Investigate the involvement of the histaminergic projections from tuberomammillary nucleus (TMN) to the spinal cord in the modulation of nociception and peripheral edema in a model of monoarthritis.
Subacute monoarthritis was induced by an intraarticular injection of carrageenan followed by LPS 72 h later. Disability and joint edema were assessed at the 3rd hour after LPS and at every hour up to 6 h.

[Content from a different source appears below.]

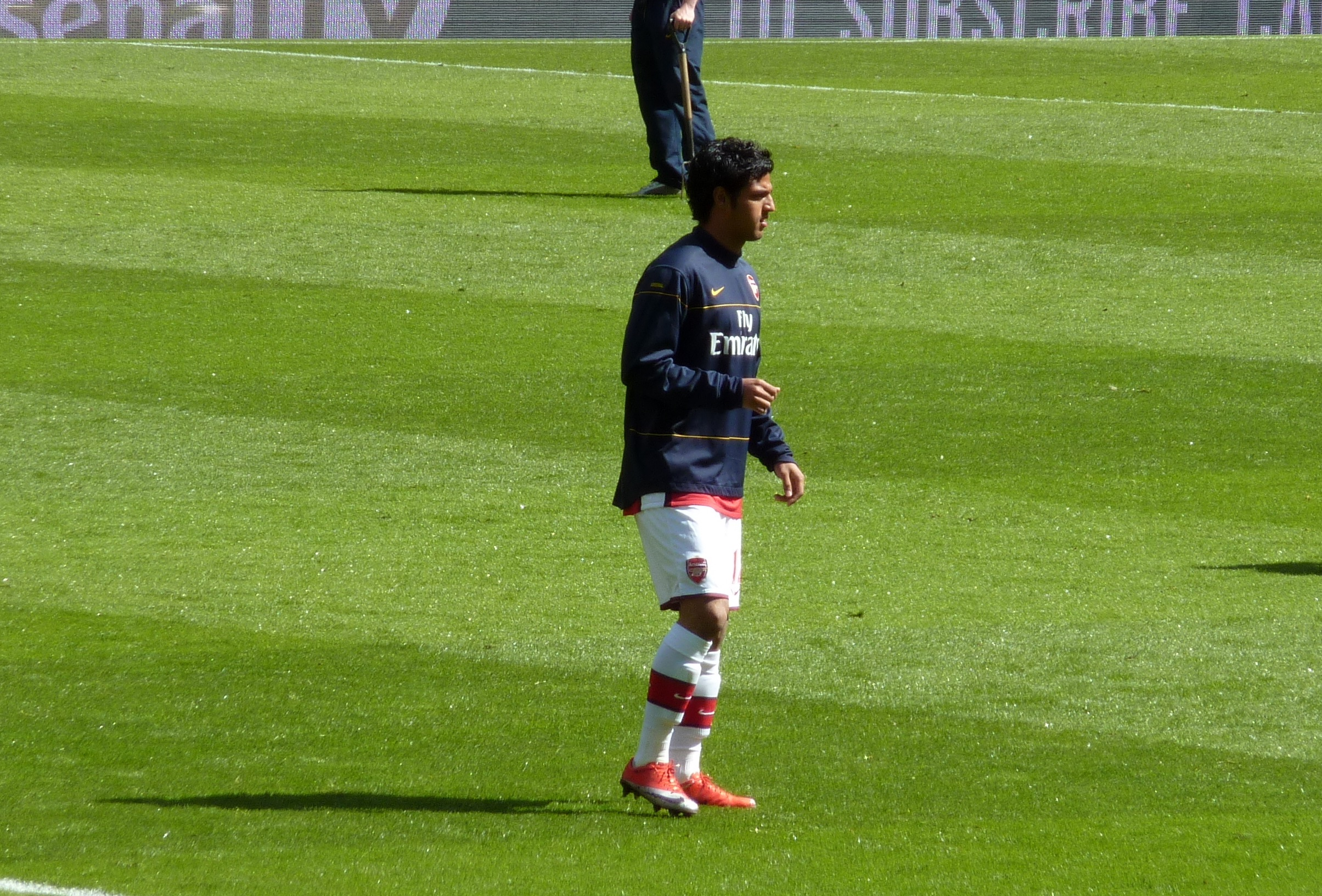 Carlos Vela at Arsenal

Intrathecal administration of histamine potentiated joint incapacitation and edema, while the H1R antagonist cetirizine decreased both. The H3R agonist immepip decreased both incapacitation and edema, while the H3R antagonist thioperamide had the opposite effect. The microinjection of glutamate into the ventral TMN (vTMN) caused an increase of incapacitation and articular edema, whereas the blockade of this nucleus by cobalt chloride inhibited both parameters. Intrathecal administration of cetirizine prevented the increase of incapacitation and joint edema caused by glutamate microinjection into the vTMN. Similarly, an intrathecal injection of the NKCC1 cotransporter inhibitor bumetanide prevented the effects of glutamate microinjection into the vTMN, whereas coadministration of histamine with bumetanide only inhibited the potentiation of joint edema. A microinjection of orexin B into the vTMN potentiated incapacitation and joint edema, while coadministration of the OX1/2 receptor antagonist almorexant with orexin B did not.
These data support the notion that TMN participates in the modulation of a peripheral inflammatory process by means of histaminergic projections to the spinal cord, and the hypothalamus may trigger TMN activation by means of glutamate and orexin.